DotLiquid Drops

tgjones edited this page Aug 3, 2012 · 7 revisions

DotLiquid is focused on making your templates safe. It does this by making sure templates can only access properties and methods that have been specifically enabled. This is best explained by example.

If you execute the following code, it might not produce the result you expect.

public class User
{
	public string Name { get; set; }
}

Template template = Template.Parse("{{ user.name }}");
string result = template.Render(Hash.FromAnonymousObject(new
{
	user = new User { Name = "Tim" }
}));

You could reasonably expect the output to be Tim. However, it will actually be a blank string. The explanation follows.

Explanation

DotLiquid, by default, only accepts a limited number of types as parameters to the Render method - including the .NET primitive types(int, float, string, etc.), and some collection types including IDictionary, IList and IIndexable (a custom DotLiquid interface).

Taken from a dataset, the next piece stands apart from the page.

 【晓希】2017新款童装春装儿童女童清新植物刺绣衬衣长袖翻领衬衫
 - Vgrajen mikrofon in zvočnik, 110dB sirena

If it supported arbitrary types, then it could result in properties or methods being unintentionally exposed to template authors. To prevent this, DotLiquid uses Drop objects. Drops use an opt-in approach to exposing object data.

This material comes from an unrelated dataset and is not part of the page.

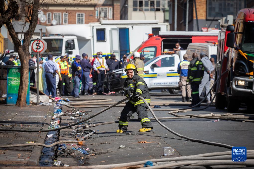 8月31日,在南非约翰内斯堡,消防员在火灾事故现场救援。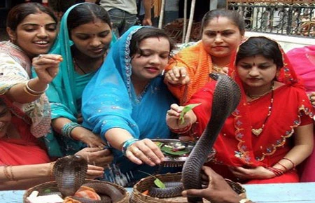 Ở Ấn Độ, rắn được cưng chiều vì được coi là con vật linh thiêng, có thể ban tuổi thọ cho người già, ban con cái cho các bà mẹ. Dân Ấn Độ sống rất gần gũi rắn: trẻ em mới chập chững biết đi đã nghịch rắn, tín đồ đạo Hindu hôn hít rắn, các chàng trai cuốn rắn trên cổ đi chơi… Họ dành riêng cho rắn một ngày Tết trang trọng vào tháng 8 hàng năm (hình). Ngày đó, cả nước tổ chức hàng loạt cuộc rước rắn, tế lễ rắn, hóa trang rắn, thi rắn khỏe, rắn đẹp, rắn lạ, biểu diễn xiếc rắn, múa rắn… vô cùng vui vẻ, rầm rộ.

You can derive your own Drop class, and pass that to Template.Render instead of the original User object:

public class User
{
	public string Name { get; set; }
	public string Email { get; set; }
}

public class UserDrop : Drop
{
	private readonly User _user;

	public string Name
	{
		get { return _user.Name; }
	}

	public UserDrop(User user)
	{
		_user = user;
	}
}

Template template = Template.Parse("Name: {{ user.name }}; Email: {{ user.email }};");
string result = template.Render(Hash.FromAnonymousObject(new
{
	user = new UserDrop(new User
	{
		Name = "Tim",
		Email = "me@mydomain.com"
	})
}));

The result is Name: Tim; Email:, so the attempt to call the email property was ignored, since this is not exposed by UserDrop.

POCO classes

As of v1.7.0, DotLiquid provides an API to register specific types as "safe", which means you can use types that don't inherit from Drop. Read more on the DotLiquid for Developers page.

Tips

  • By default, DotLiquid uses a Ruby naming convention for Drop properties. So if your Drop object contains CamelCased properties, they will contain underscores when exposed in your template. For example, ProductId on your drop becomes product_id in your template. If you want to change this behaviour, you can set Template.NamingConvention to new NamingConventions.CSharpNamingConvention().

  • Exceptions thrown by your Drop objects will result in the general message Liquid error: Exception has been thrown by the target of an invocation.. You can make DotLiquid throw the original exception by using the Render overloads that take a RenderParameters instance and setting RethrowErrors = true.

Taking it further

Drops are quite flexible. You can also use them to provide a "catch-all" method:

public class CatchAllDrop : Drop
{
	public override object BeforeMethod(string method)
	{
		return "method: " + method;
	}
}

Template template = Template.Parse(" {{ catchall.unknown }} ");
string result = template.Render(Hash.FromAnonymousObject(new { catchall = new CatchAllDrop() }));

The result is method: unknown.

For a more hands-on explanation of all the capabilities of Drops, have a look at the Drop tests within DotLiquid's unit test suite.